# Thursday Night Drinks. H2O Pool Bar. Nov 4. Hilton Dubai Jumeirah Beach



## MarcelDH (Jul 5, 2010)

Hello all!

After the great outing by the pool last Thursday, why don't we have another Thursday Night Drinks by the pool this week? Let's meet 9 p.m. onwards in the H2O Poolbar of the Hilton Dubai Jumeirah Beach Hotel (Opposite Jumeirah Beach Residences) for a nice and laid back start of your weekend. We could even move up to the skybar a bit later that night for some great views over the Gulf!

As always, I count on the regular crowd to join, but do like to make clear that this is an open event. We've got newcomers and seasoned Dubai expats joining every week and you are very welcome to pop by for a drink! Just send me a private message so that I can let you know where we are exactly.

Cheers


----------



## ipshi (Jul 23, 2010)

:clap2::clap2::clap2::clap2::clap2::clap2:

oooooooooh am i the first to jump on the fun wagon?? I ain't missing another one after the fun you guys had without me the last time! So I'm in!!!


----------



## stewart (Jun 21, 2009)

ipshi said:


> :clap2::clap2::clap2::clap2::clap2::clap2:
> 
> oooooooooh am i the first to jump on the fun wagon?? I ain't missing another one after the fun you guys had without me the last time! So I'm in!!!

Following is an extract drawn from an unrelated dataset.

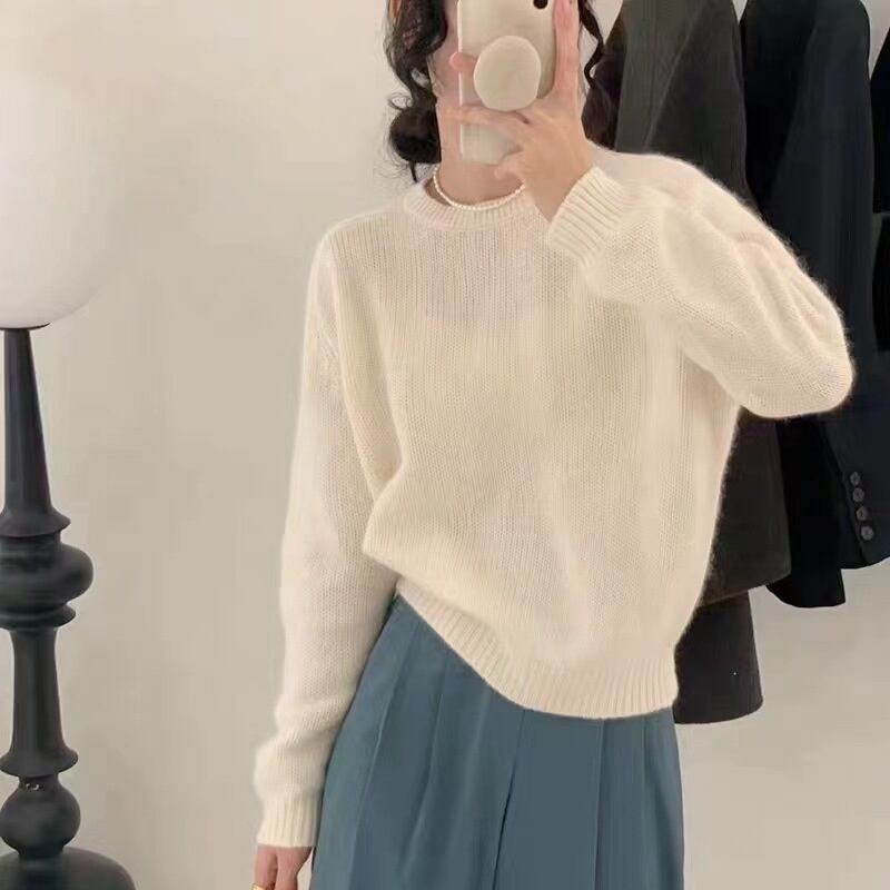 ふわふわとしたウール素材が特徴のこの長袖セーターは、シンプルながらも上品な雰囲気を演出します。

Your such party animal Ipshi


----------



## ipshi (Jul 23, 2010)

ahem -- i think this is the first time ive been called that... so im gonna take it as a compliment... however it may have been meant!


----------



## Yoga girl (Oct 19, 2008)

MarcelDH said:


> Hello all!
> 
> After the great outing by the pool last Thursday, why don't we have another Thursday Night Drinks by the pool this week? Let's meet 9 p.m. onwards in the H2O Poolbar of the Hilton Dubai Jumeirah Beach Hotel (Opposite Jumeirah Beach Residences) for a nice and laid back start of your weekend. We could even move up to the skybar a bit later that night for some great views over the Gulf!
> 
> ...


I'll be sure to walk across


----------



## Hash4272 (Sep 26, 2010)

Yoga girl said:


> I'll be sure to walk across


would you like me to hold your hand while you cross the road


----------



## Yoga girl (Oct 19, 2008)

Hash4272 said:


> would you like me to hold your hand while you cross the road


Well, much obliged but I think I might manage it alone. Look left then right and only cross when the light is green right? I think my memory still holds that far

I take it you are coming along then?:clap2:


----------



## Hash4272 (Sep 26, 2010)

Yoga girl said:


> Well, much obliged but I think I might manage it alone. Look left then right and only cross when the light is green right? I think my memory still holds that far
> 
> I take it you are coming along then?:clap2:


i dont leave until the 8th so yes i shall be coming along


----------



## pannyzero (Aug 26, 2010)

Count me in + 1 more


----------



## ipshi (Jul 23, 2010)

pannyzero said:


> Count me in + 1 more


is this the other girl u were talking about?


----------



## pannyzero (Aug 26, 2010)

Yep, it seems like we are going to have quite good amout of girls in this Thursday night. We need more guys to balance it out!


----------



## ipshi (Jul 23, 2010)

cute ones only please?


----------



## mikeyb (May 15, 2010)

going out with a bunch of girls sounds like that should get a good crowd up, wish I could be there.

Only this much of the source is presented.